• [Required action]: Where the line with "Días atrás, la" appears below, start writing out lines exactly, and finish with the line with "L3輸出電壓經(jīng)D", which is included; write out nothing else.

• [Records shown]:

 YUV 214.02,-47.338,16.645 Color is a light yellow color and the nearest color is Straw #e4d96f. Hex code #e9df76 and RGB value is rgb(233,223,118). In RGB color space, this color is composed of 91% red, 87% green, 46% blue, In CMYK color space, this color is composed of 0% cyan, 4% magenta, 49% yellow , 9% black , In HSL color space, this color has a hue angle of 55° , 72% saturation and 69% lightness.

==

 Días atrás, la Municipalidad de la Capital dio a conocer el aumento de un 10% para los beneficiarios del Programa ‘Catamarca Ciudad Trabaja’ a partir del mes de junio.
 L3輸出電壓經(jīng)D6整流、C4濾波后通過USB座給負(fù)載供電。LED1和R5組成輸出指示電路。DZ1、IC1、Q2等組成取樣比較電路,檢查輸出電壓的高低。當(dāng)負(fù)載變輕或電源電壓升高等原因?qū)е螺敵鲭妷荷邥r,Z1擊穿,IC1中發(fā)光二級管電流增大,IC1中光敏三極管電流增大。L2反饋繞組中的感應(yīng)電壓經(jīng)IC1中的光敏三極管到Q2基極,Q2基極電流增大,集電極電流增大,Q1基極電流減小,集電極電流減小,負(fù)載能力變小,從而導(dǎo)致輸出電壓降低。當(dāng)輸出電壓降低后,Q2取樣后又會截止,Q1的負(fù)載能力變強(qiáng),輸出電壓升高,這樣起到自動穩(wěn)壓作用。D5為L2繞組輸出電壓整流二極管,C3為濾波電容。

• [Task result]:
 Días atrás, la Municipalidad de la Capital dio a conocer el aumento de un 10% para los beneficiarios del Programa ‘Catamarca Ciudad Trabaja’ a partir del mes de junio.
 L3輸出電壓經(jīng)D6整流、C4濾波后通過USB座給負(fù)載供電。LED1和R5組成輸出指示電路。DZ1、IC1、Q2等組成取樣比較電路,檢查輸出電壓的高低。當(dāng)負(fù)載變輕或電源電壓升高等原因?qū)е螺敵鲭妷荷邥r,Z1擊穿,IC1中發(fā)光二級管電流增大,IC1中光敏三極管電流增大。L2反饋繞組中的感應(yīng)電壓經(jīng)IC1中的光敏三極管到Q2基極,Q2基極電流增大,集電極電流增大,Q1基極電流減小,集電極電流減小,負(fù)載能力變小,從而導(dǎo)致輸出電壓降低。當(dāng)輸出電壓降低后,Q2取樣后又會截止,Q1的負(fù)載能力變強(qiáng),輸出電壓升高,這樣起到自動穩(wěn)壓作用。D5為L2繞組輸出電壓整流二極管,C3為濾波電容。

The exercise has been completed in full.